[WORK INSTRUCTION]
Retype only the lines below from the one with "HAPPY FAMILY 3" to the one with "แต่ยังไม่สามารถหารถมารับศพได้ อยู่ในพื้นที่เขตบางคอแหลม กทม", inclusive, skipping every image.

[SUPPLIED RECORDS]
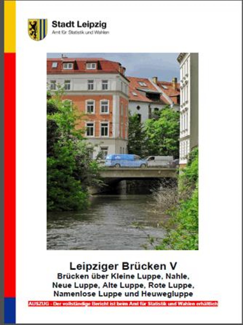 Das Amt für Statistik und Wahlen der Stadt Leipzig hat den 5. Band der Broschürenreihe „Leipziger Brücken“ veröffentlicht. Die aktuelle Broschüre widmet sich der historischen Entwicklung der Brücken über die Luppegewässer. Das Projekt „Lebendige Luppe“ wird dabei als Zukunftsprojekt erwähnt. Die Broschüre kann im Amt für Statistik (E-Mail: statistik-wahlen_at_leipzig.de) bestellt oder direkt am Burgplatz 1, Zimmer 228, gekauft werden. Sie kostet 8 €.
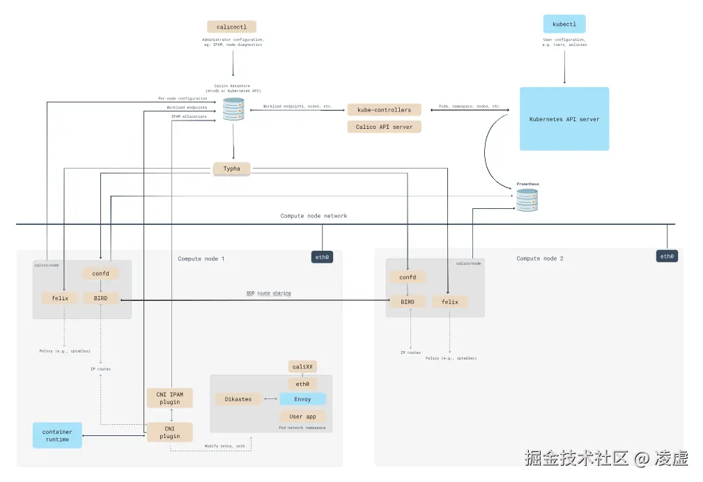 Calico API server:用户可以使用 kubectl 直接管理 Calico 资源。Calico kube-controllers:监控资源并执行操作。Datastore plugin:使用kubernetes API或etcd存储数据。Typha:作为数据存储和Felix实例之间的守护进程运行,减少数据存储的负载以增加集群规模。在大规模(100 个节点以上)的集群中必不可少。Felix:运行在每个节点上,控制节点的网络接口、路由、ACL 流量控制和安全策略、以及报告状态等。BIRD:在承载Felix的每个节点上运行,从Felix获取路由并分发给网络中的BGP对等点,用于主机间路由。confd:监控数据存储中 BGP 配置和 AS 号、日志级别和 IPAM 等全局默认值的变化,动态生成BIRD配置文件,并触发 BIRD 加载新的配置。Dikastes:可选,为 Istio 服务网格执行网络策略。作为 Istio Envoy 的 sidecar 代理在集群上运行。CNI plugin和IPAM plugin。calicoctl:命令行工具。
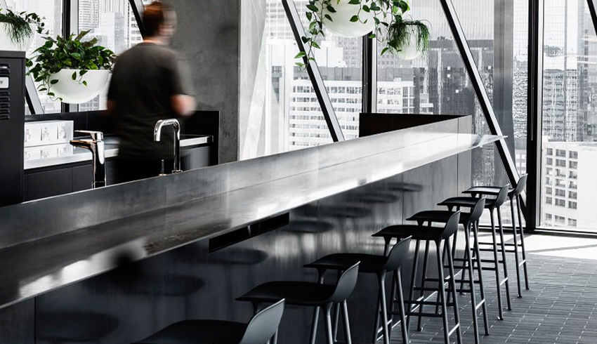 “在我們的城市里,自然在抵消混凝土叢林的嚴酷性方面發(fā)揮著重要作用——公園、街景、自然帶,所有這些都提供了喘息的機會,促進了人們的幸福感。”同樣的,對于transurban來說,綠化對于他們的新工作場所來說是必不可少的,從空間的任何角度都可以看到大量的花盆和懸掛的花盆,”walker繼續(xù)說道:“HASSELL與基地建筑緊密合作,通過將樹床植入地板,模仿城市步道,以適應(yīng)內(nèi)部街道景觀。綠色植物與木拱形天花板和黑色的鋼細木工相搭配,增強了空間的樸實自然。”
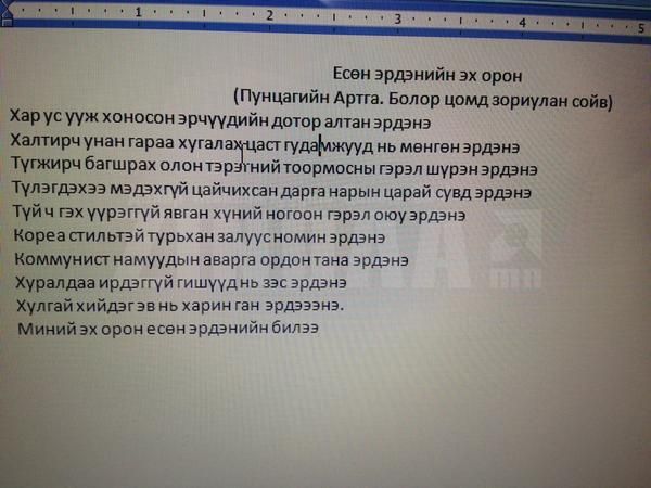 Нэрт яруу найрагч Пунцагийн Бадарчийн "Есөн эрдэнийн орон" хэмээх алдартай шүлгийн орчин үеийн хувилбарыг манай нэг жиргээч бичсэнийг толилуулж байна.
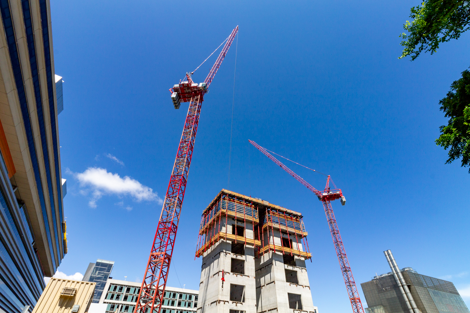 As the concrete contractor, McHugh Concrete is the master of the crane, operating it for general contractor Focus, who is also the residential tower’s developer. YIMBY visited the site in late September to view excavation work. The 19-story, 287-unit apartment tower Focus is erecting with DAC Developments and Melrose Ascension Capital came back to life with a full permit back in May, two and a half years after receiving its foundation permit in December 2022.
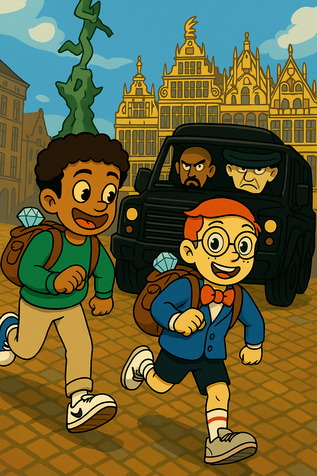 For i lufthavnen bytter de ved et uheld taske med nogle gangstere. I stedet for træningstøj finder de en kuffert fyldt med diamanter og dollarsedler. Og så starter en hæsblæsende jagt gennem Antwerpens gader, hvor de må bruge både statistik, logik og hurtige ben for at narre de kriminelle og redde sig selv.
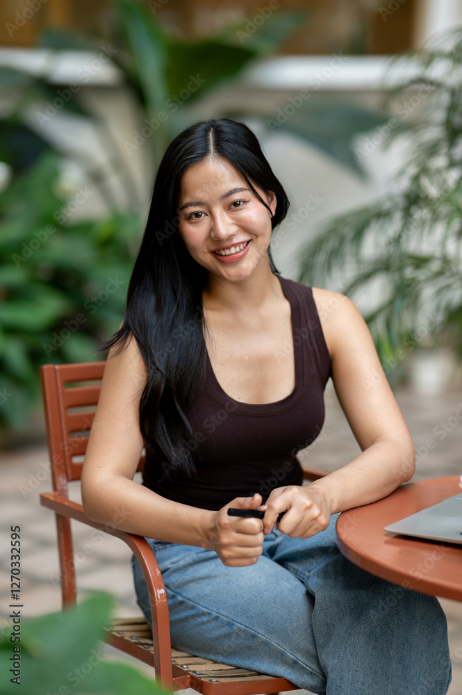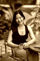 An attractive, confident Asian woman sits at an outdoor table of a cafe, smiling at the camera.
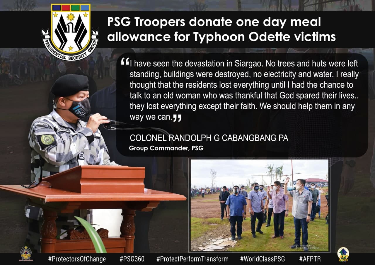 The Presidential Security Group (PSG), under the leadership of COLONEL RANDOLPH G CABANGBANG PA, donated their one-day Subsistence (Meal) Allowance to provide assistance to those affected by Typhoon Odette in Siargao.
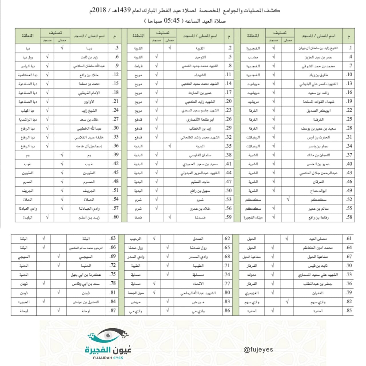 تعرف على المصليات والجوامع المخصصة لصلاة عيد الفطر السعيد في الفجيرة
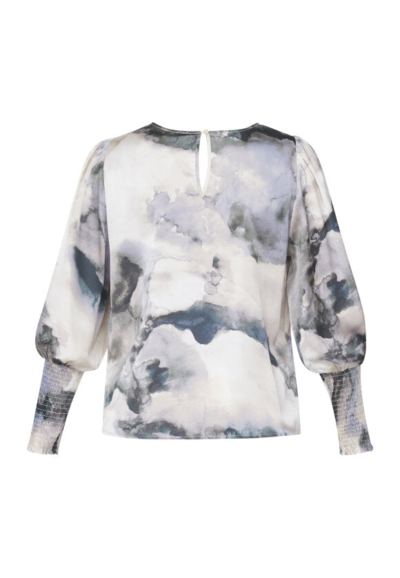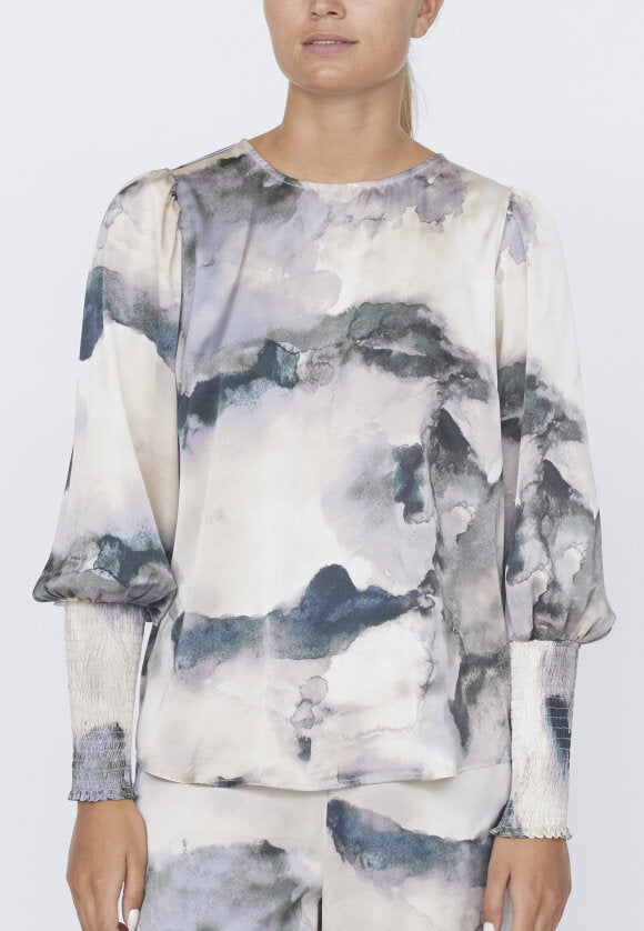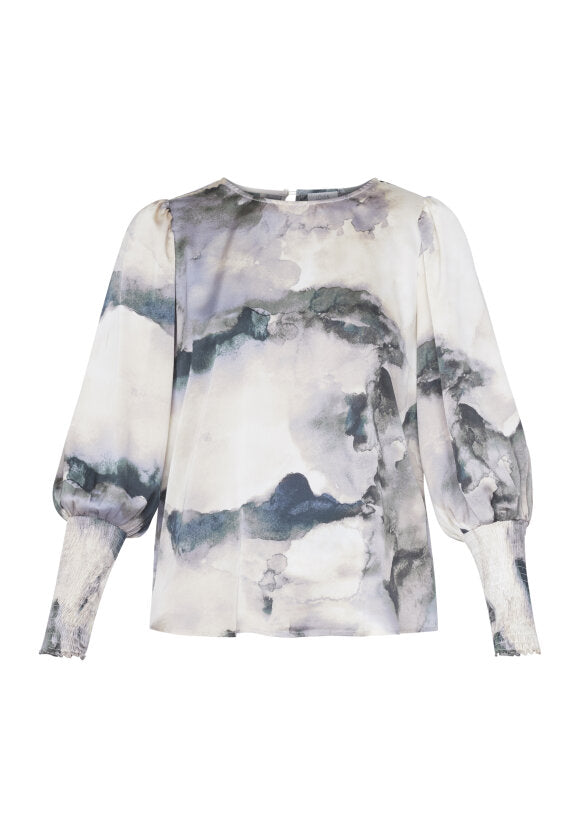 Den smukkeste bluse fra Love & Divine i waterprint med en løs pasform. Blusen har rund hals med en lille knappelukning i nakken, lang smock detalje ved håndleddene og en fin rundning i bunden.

...

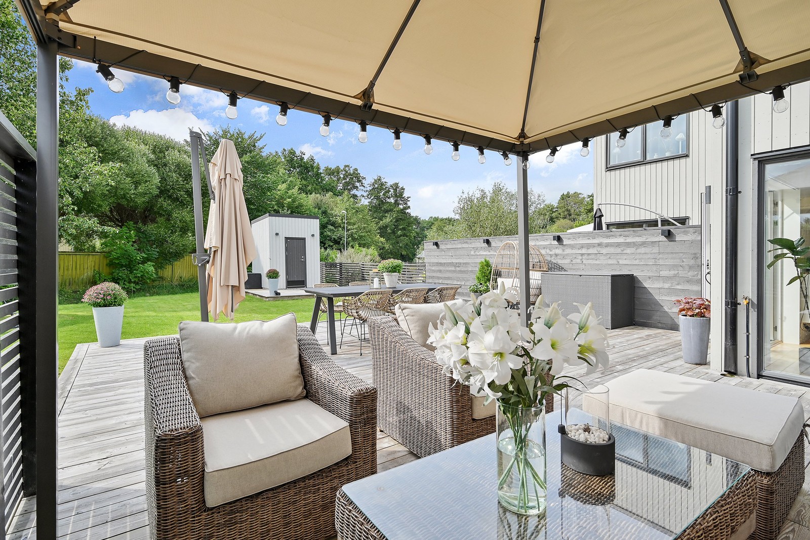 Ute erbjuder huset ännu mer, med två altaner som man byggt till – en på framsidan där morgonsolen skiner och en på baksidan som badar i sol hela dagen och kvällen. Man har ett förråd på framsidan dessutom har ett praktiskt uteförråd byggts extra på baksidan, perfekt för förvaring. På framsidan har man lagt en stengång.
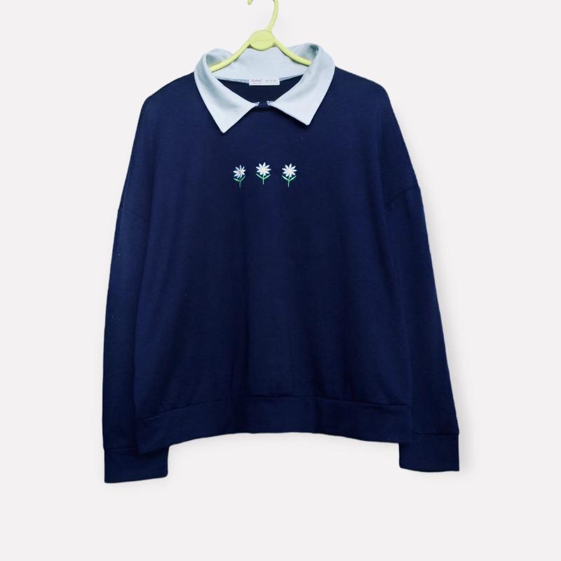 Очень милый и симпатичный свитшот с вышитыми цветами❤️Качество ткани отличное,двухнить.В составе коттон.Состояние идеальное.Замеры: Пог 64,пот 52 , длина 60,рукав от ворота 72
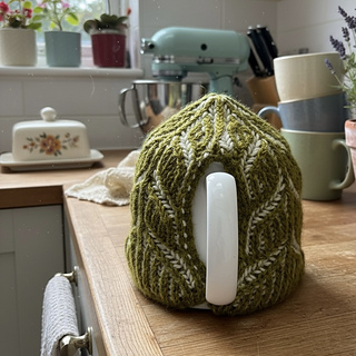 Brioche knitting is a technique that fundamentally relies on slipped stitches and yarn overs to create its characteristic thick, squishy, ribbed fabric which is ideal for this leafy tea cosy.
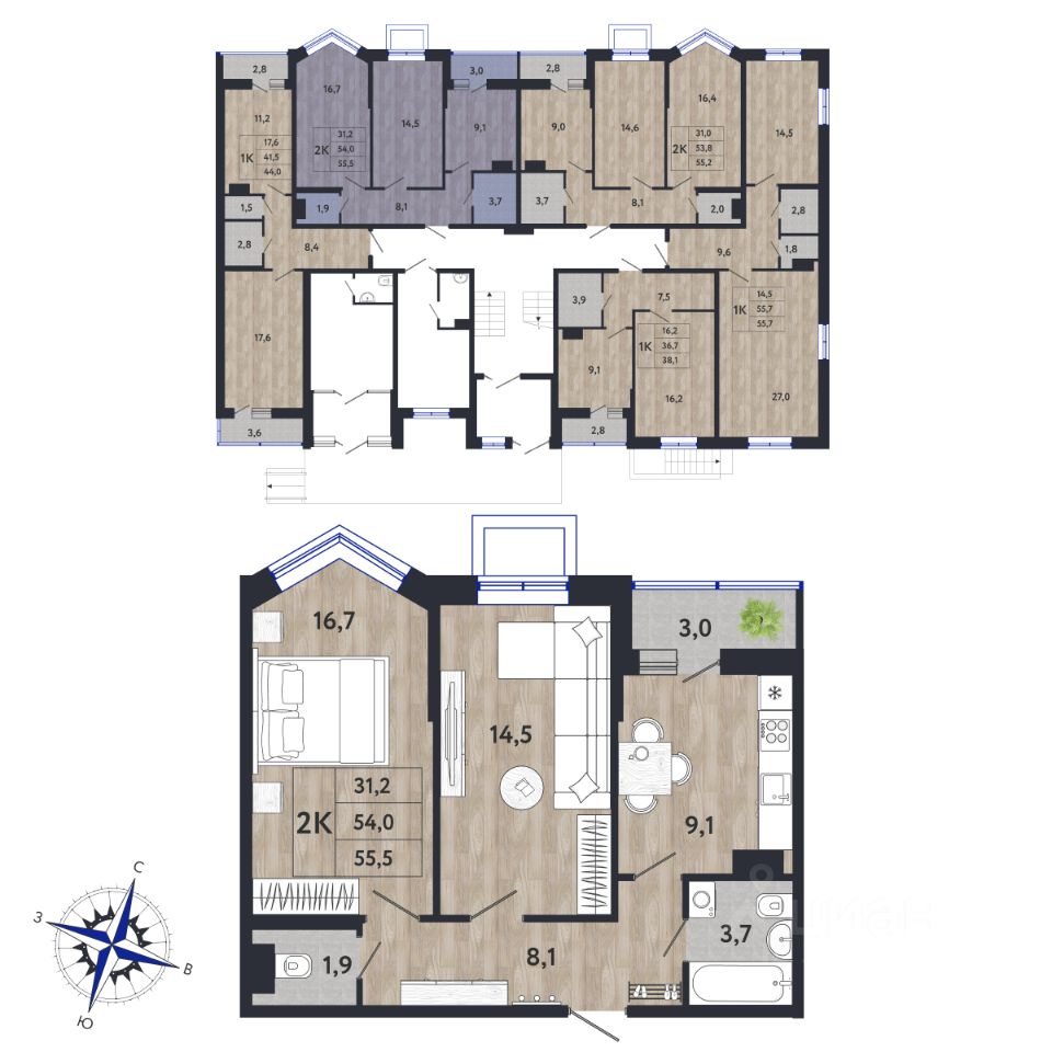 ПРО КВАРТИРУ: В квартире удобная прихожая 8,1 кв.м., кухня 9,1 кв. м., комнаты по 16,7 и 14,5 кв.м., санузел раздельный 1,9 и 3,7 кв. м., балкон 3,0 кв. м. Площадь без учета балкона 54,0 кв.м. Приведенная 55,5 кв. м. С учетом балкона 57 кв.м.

--

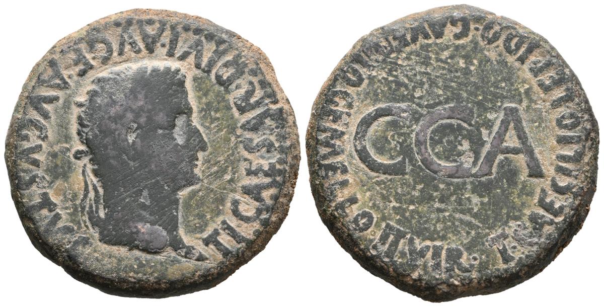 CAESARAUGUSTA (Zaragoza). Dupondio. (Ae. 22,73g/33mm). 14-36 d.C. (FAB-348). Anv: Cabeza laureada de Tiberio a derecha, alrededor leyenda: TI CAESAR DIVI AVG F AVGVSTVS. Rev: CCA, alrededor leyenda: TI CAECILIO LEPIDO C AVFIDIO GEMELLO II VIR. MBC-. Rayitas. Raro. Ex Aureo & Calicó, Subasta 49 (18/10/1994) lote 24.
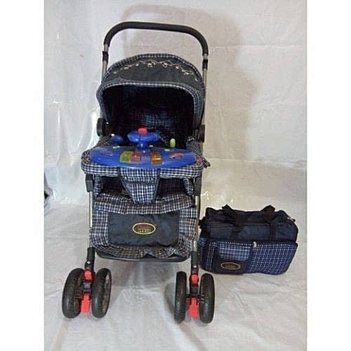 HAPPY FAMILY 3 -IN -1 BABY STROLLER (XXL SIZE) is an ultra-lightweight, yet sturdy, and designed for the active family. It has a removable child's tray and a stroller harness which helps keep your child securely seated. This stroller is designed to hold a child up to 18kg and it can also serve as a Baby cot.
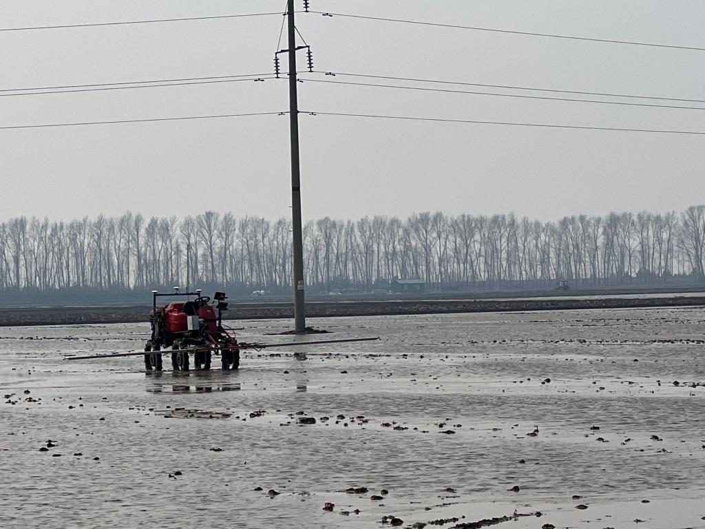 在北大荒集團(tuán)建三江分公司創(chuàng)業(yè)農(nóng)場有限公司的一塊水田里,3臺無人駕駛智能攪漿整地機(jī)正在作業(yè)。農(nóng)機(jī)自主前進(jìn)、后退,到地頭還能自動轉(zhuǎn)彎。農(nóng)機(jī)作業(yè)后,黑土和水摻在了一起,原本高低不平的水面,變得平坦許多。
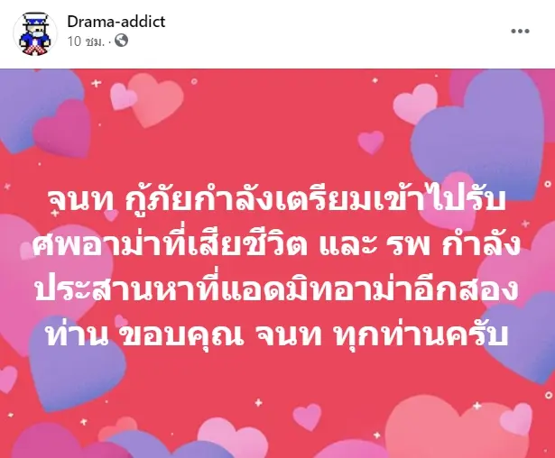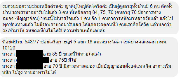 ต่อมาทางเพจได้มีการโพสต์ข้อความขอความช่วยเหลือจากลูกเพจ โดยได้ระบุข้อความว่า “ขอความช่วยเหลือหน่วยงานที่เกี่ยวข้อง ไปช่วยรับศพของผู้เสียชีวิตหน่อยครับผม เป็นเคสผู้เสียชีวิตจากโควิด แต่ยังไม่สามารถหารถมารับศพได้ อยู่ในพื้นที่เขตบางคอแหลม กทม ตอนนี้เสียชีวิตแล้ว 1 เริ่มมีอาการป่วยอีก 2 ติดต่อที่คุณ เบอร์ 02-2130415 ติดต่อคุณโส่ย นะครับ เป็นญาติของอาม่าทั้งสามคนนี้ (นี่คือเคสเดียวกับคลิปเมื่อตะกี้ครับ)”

[SOLUTION TO THIS EXERCISE]
 HAPPY FAMILY 3 -IN -1 BABY STROLLER (XXL SIZE) is an ultra-lightweight, yet sturdy, and designed for the active family. It has a removable child's tray and a stroller harness which helps keep your child securely seated. This stroller is designed to hold a child up to 18kg and it can also serve as a Baby cot.
 在北大荒集團(tuán)建三江分公司創(chuàng)業(yè)農(nóng)場有限公司的一塊水田里,3臺無人駕駛智能攪漿整地機(jī)正在作業(yè)。農(nóng)機(jī)自主前進(jìn)、后退,到地頭還能自動轉(zhuǎn)彎。農(nóng)機(jī)作業(yè)后,黑土和水摻在了一起,原本高低不平的水面,變得平坦許多。
 ต่อมาทางเพจได้มีการโพสต์ข้อความขอความช่วยเหลือจากลูกเพจ โดยได้ระบุข้อความว่า “ขอความช่วยเหลือหน่วยงานที่เกี่ยวข้อง ไปช่วยรับศพของผู้เสียชีวิตหน่อยครับผม เป็นเคสผู้เสียชีวิตจากโควิด แต่ยังไม่สามารถหารถมารับศพได้ อยู่ในพื้นที่เขตบางคอแหลม กทม ตอนนี้เสียชีวิตแล้ว 1 เริ่มมีอาการป่วยอีก 2 ติดต่อที่คุณ เบอร์ 02-2130415 ติดต่อคุณโส่ย นะครับ เป็นญาติของอาม่าทั้งสามคนนี้ (นี่คือเคสเดียวกับคลิปเมื่อตะกี้ครับ)”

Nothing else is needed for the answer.